Monergism has the following resource: Publications of the American Tract Society (6 Volume Set) :: Modern Authors :: Monergism Books :: Reformed Books and Resources for Christians

You may well be able to contact the American Tract Society at American Tract Society :: 180 Years of Changing Lives and see if any of these older tracts are still available. If not, but the copy from monergism and republish them yourself, Most of them are well out of copyright and are now in the public domain. If you need help with this drop me a line.


----------



## JennyG (Aug 24, 2009)

*d i y*

I saw a couple of tracts only the other day that bore the name of the Outreach Committee, Free Presbyterian Church of Scotland -
www.fpchurch.org.uk 
plus an email, [email protected].

(You probably know about these people already). Those tracts weren't what you're looking for, but my thought was, why not write your own?

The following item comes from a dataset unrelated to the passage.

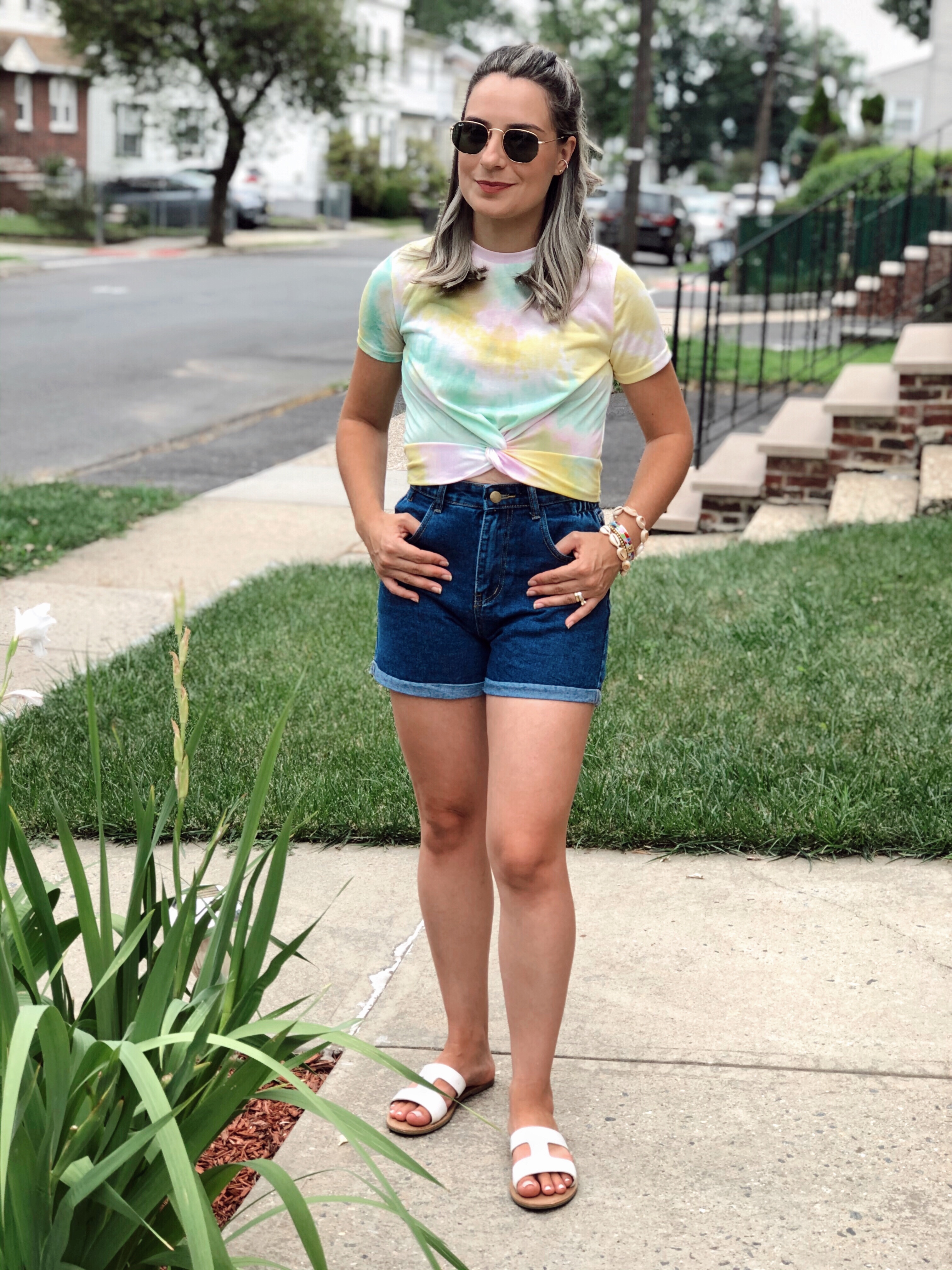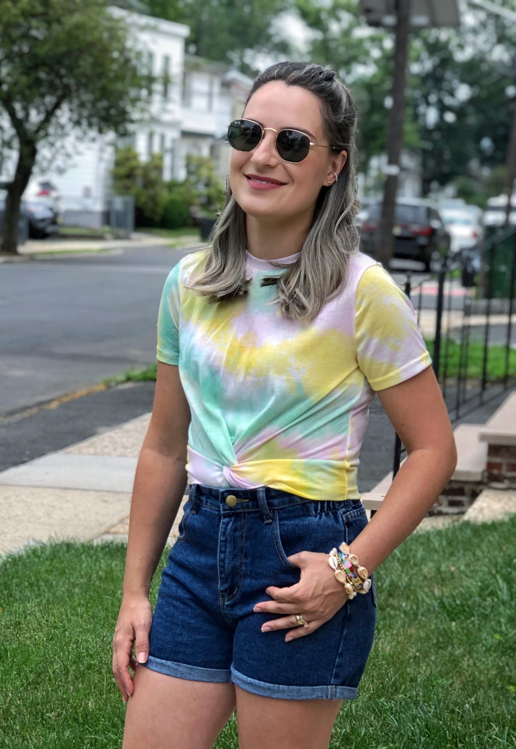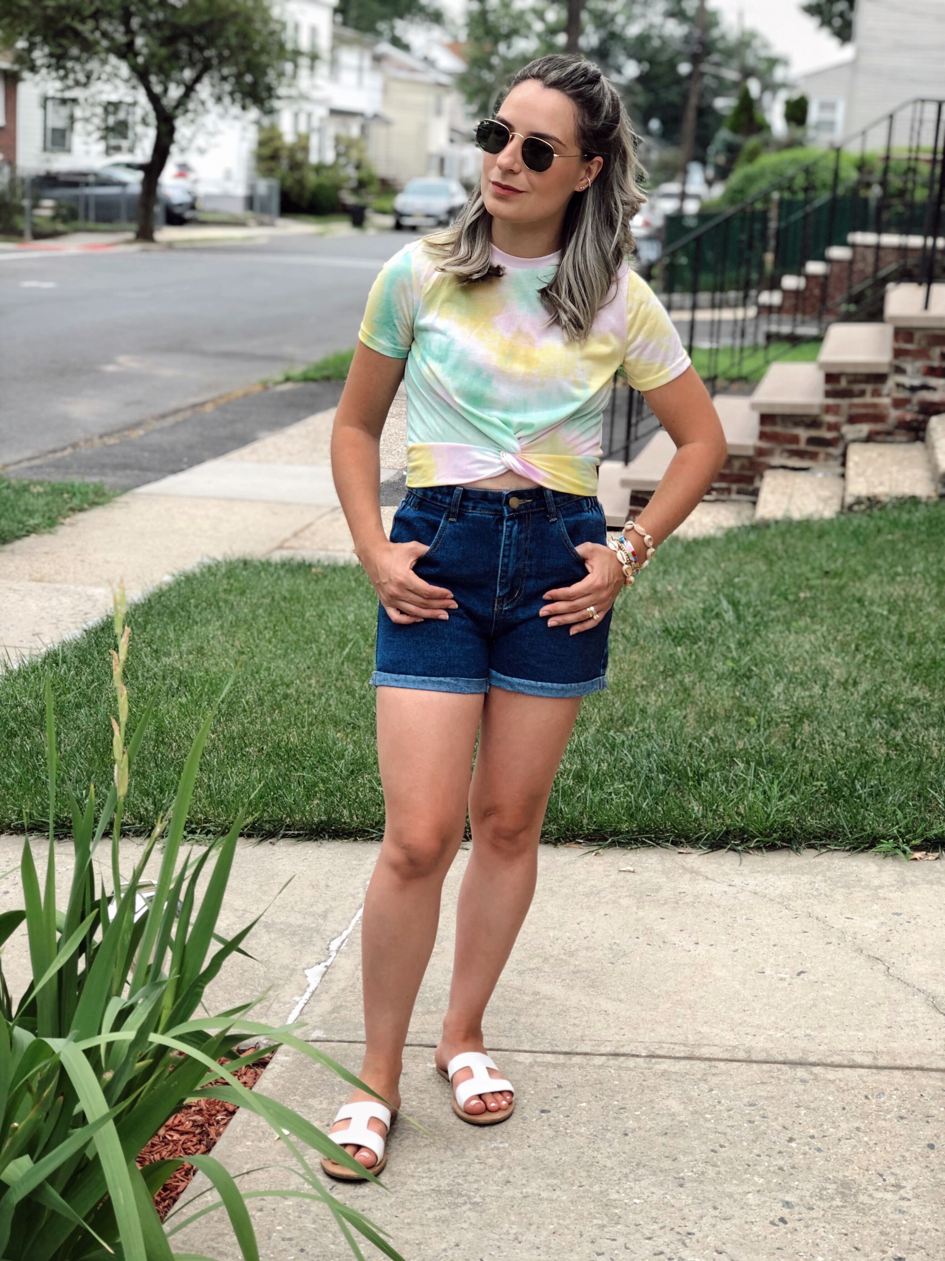 The third look involve a tie dye tee shirt! I’m loving this trend lately. This tee is cropped and looks super cute with a high waisted shorts or pants. Love it!

You're well able to, and they could produce it. 
If you do, let me know and I will order some!


----------



## jason d (Aug 24, 2009)

This group is Reformed and some of their tracts have some good apologetics: Evangelism Team


----------



## Sven (Aug 24, 2009)

Vic Lockman has some pretty good apologetical tracts here: Vic Lockman Cartoonist For Hire

I have a few of John Blanchard's tracts as well, and they are very good.


----------